Desde 2004 a espécie era considerada vulnerável, mas ações de conservação contribuíram para que a categoria fosse alterada para “quase ameaçada”

A atualização da Lista Vermelha das Espécies Ameaçadas, da União Internacional para a Conservação da Natureza (IUCN na sigla em inglês), reavaliou o grau de ameaça para o papagaio-de-cara-roxa (Amazona brasiliensis). A publicação alterou a classificação de “vulnerável” para “quase ameaçada” e destacou as ações de conservação realizadas pela Sociedade de Pesquisa em Vida Selvagem e Educação Ambiental (SPVS) como uma das razões para a recuperação da espécie. Em 2017, o Censo Anual do Papagaio-de-cara-roxa, realizado pela ONG nos estados do Paraná e São Paulo, registrou 7.339 indivíduos.

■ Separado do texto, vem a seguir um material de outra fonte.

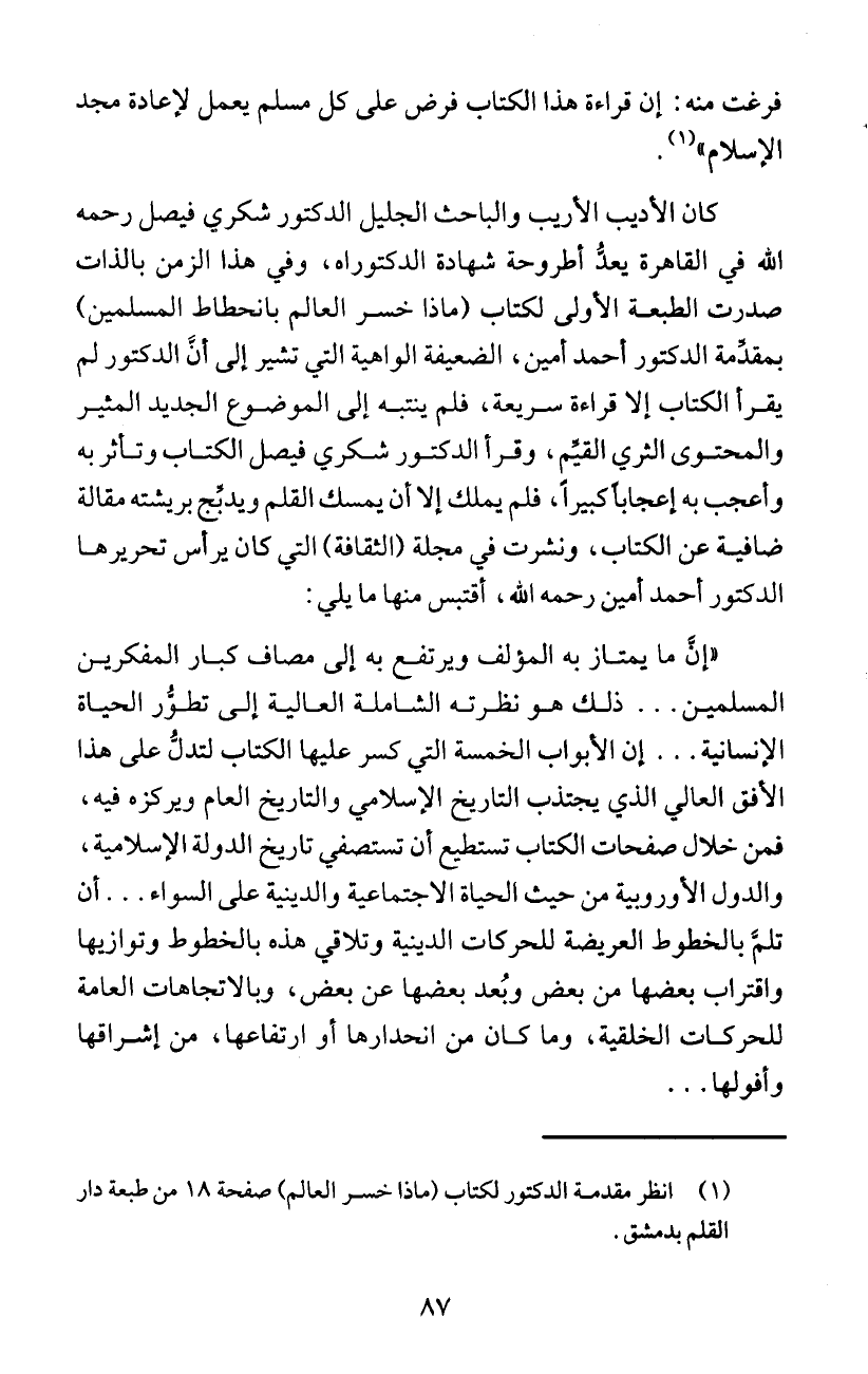 (1) انظر مقدمة الدكتور لكتاب (ماذا خسر العالم) صفحة 8 ا من طبعة دار

A espécie só existe no Brasil, em uma estreita faixa do bioma Mata Atlântica entre o Litoral Sul de São Paulo e o litoral do Paraná. Segundo a IUCN, “medidas de longo prazo podem ter contribuído para o recente aumento da população, ainda que a fragmentação do habitat e a retirada desses animais da natureza permaneçam sendo ameaças significativas”.

Em 2014 a lista brasileira de espécies ameaçadas, divulgada pelo Ministério do Meio Ambiente, já havia alterado a classificação do papagaio-de-cara-roxa para quase ameaçada, ressaltando o trabalho realizado pelo Projeto de Conservação do Papagaio-de-cara-roxa, da SPVS, no monitoramento da espécie e instalação de ninhos artificiais em áreas naturais. A coordenadora técnica do projeto, Elenise Sipinski, comemora o reconhecimento internacional dos esforços de preservação dos papagaios às vésperas do aniversário de 20 anos da iniciativa, em 2018.

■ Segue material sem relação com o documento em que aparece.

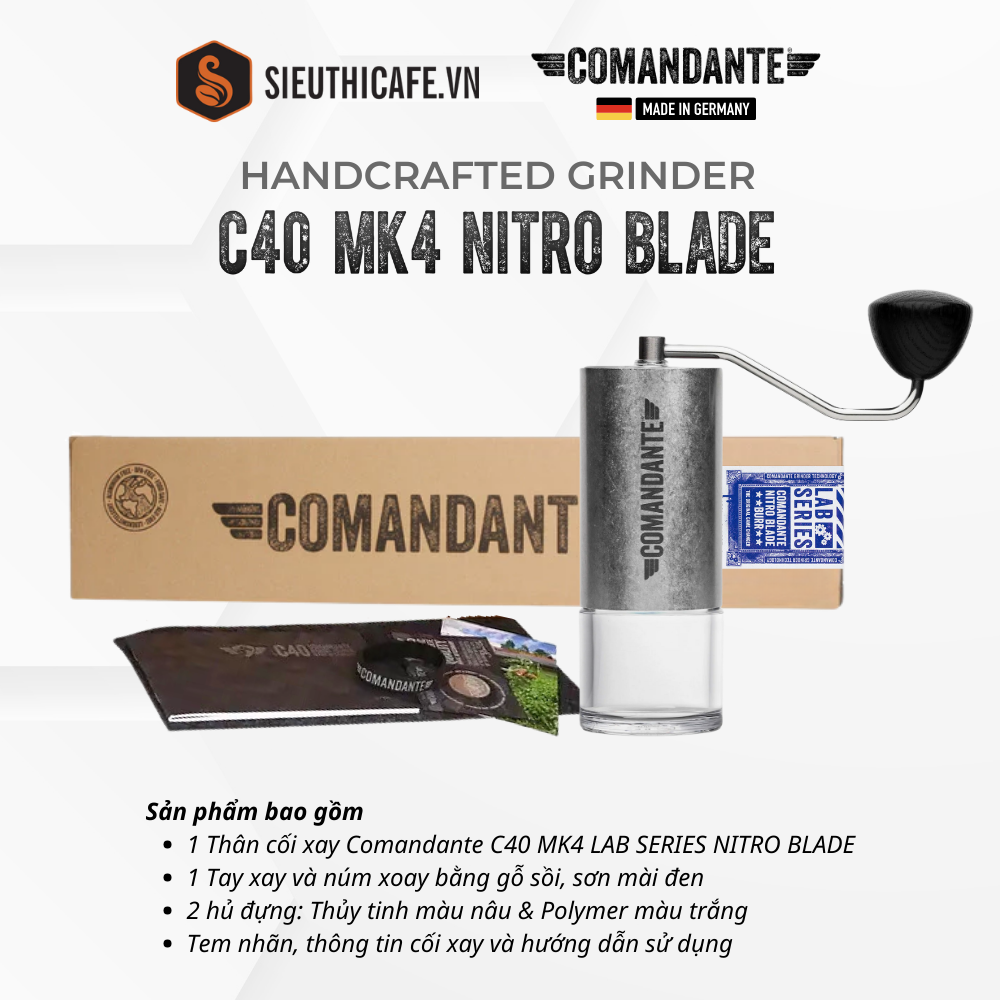 - Cối xay Comandante C40 MK4 LAB Series Nitro Blade là cối xay thủ công, không cần điện, rất lý tưởng cho việc sử dụng trong các chuyến đi du lịch hoặc cắm trại.

Segundo a bióloga, as ações de educação para conservação da natureza com estudantes e professores do Paraná e de São Paulo foram outro ponto determinante no sucesso do projeto. “A recuperação que vemos na população do papagaio-de-cara-roxa é resultado também da sensibilização dos moradores e turistas da região para a proteção da espécie e das áreas naturais onde ela vive”, afirma Sipinski. Apesar do aumento na população, a coordenadora técnica do projeto alerta: “os papagaios-de-cara-roxa ainda habitam uma área muito restrita e dependem de ações de manejo para sua manutenção, como a instalação de ninhos artificiais, uma estratégia adotada pelo projeto há mais de dez anos”.